But one weekend of tragedies doesn't tell us much about the summer ahead.
Police block the intersection at Wycliffe and Apple Tree as they respond to a shooting where authorities say a gunman and at least one other person are dead, Sunday, May 29, 2016, in Houston. (Gary Fountain/Houston Chronicle via AP

Over the past seven days, America witnessed nine mass shootings that left one dead and 43 wounded. These attacks bring the US mass shooting body count so far in 2016 to 112 dead and 443 injured. Meanwhile, Europe suffered zero mass shootings last week, holding the continent's body count in such attacks this year steady at 20 dead and 66 injured.

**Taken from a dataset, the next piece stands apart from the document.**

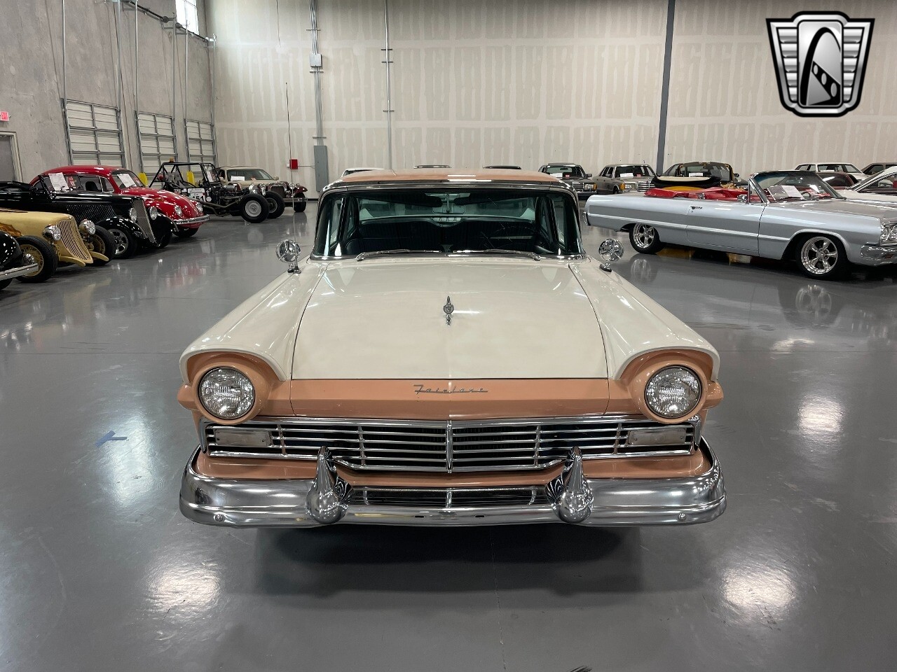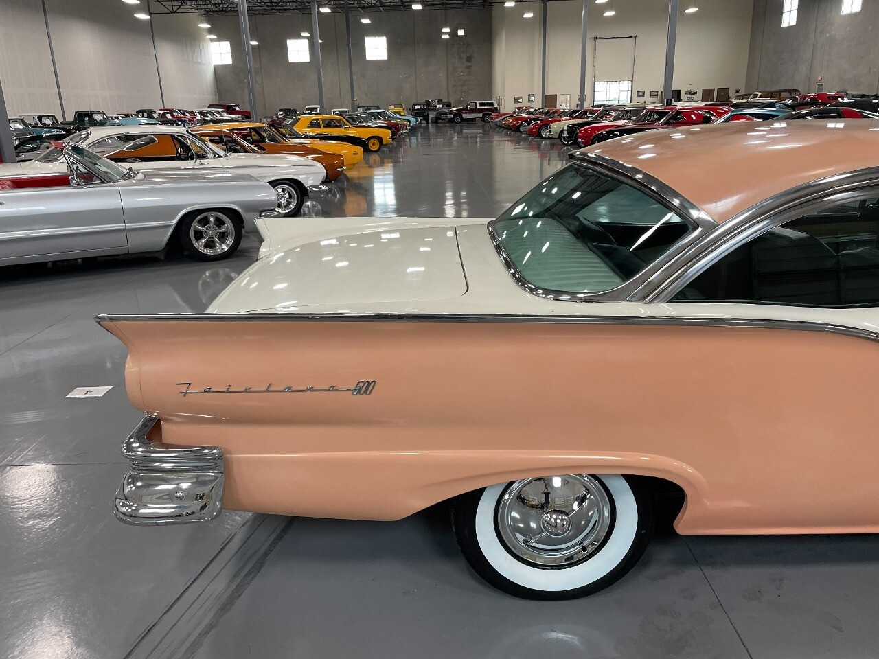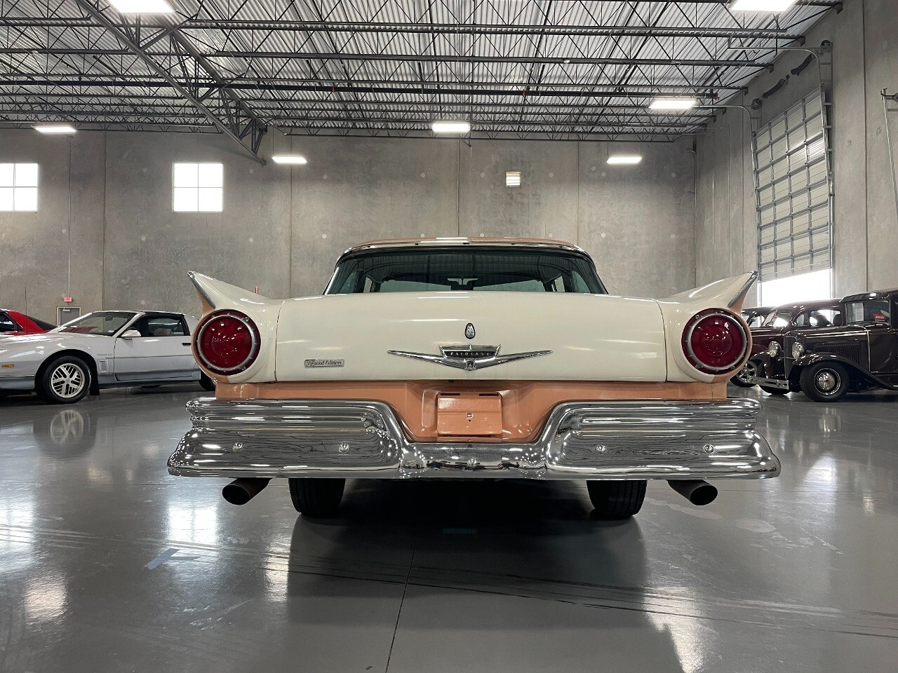 Gateway Classic Cars of San Antonio/ Austin is proud to present this 1957 Ford Fairlane 500, lusciously colored in a unique white/salmon exterior. The two-tone color scheme is tastefully eye-catching, setting it apart from other vehicles on the road. Introduced in 1957, the Ford Fairlane 500 epitomized the era's American automotive ambition, combining luxury, performance, and standout style. This flagship model featured a lower, longer body with distinctive tailfins and lavish chrome detailing, catering to a public eager for glamour and power. Beneath the hood, the Fairlane 500 boasts a 312 CID V8 engine, offering an engaging driving experience that pairs beautifully with its automatic transmission. Smooth and responsive, this car makes every drive an absolute pleasure. In terms of features, this Ford Fairlane 500 is equipped with an AM radio. Enjoy the nostalgia of tuning into your favorite AM stations while cruising down the road. To enhance the driving experience, this classic car comes with power steering, an important feature that ensures easy handling and maneuverability. No need to worry about tight parking spots or tricky turns, this Fairlane handles them with ease. The car rides on radial tires which are known for their durability and stability. Adding to its classic aesthetic, the tires are adorned with signature wide white walls, a nod to the '50s style. Join the ranks of classic car enthusiasts with this distinctive 1957 Ford Fairlane 500. It's a bold statement of style, comfort, and performance, wrapped in a beautiful package that's sure to turn heads wherever you go..

All of the recent mass shootings in the United States came over the long Memorial Day weekend, with three of them directly linked to holiday cookouts. Only one of these attacks received significant attention: military veteran Dionisio Garza III's random rampage on Sunday in Houston, Texas, during which he allegedly fired off more 200 rounds starting at 10:15 AM, killing a 56-year-old man and wounding a Good Samaritan who tried to intervene, along with two responding deputies, and three bystanders before being gunned down by a SWAT shooter. However, the weekend's bloodshed started hours earlier, at 12:30 AM in Trenton, New Jersey, when at least one shooter injured six people en route to a cookout. Two-and-a-half hours later, a shooting in an Indianapolis parking garage injured four more. Then, at about 6 AM, a street altercation in Las Vegas led to a shootout that injured yet another four individuals. Finally, at about 12:25 PM in Zillah, Washington, people believed to have bene hunting birds accidentally wounded five orchard workers when firing through a grove of trees.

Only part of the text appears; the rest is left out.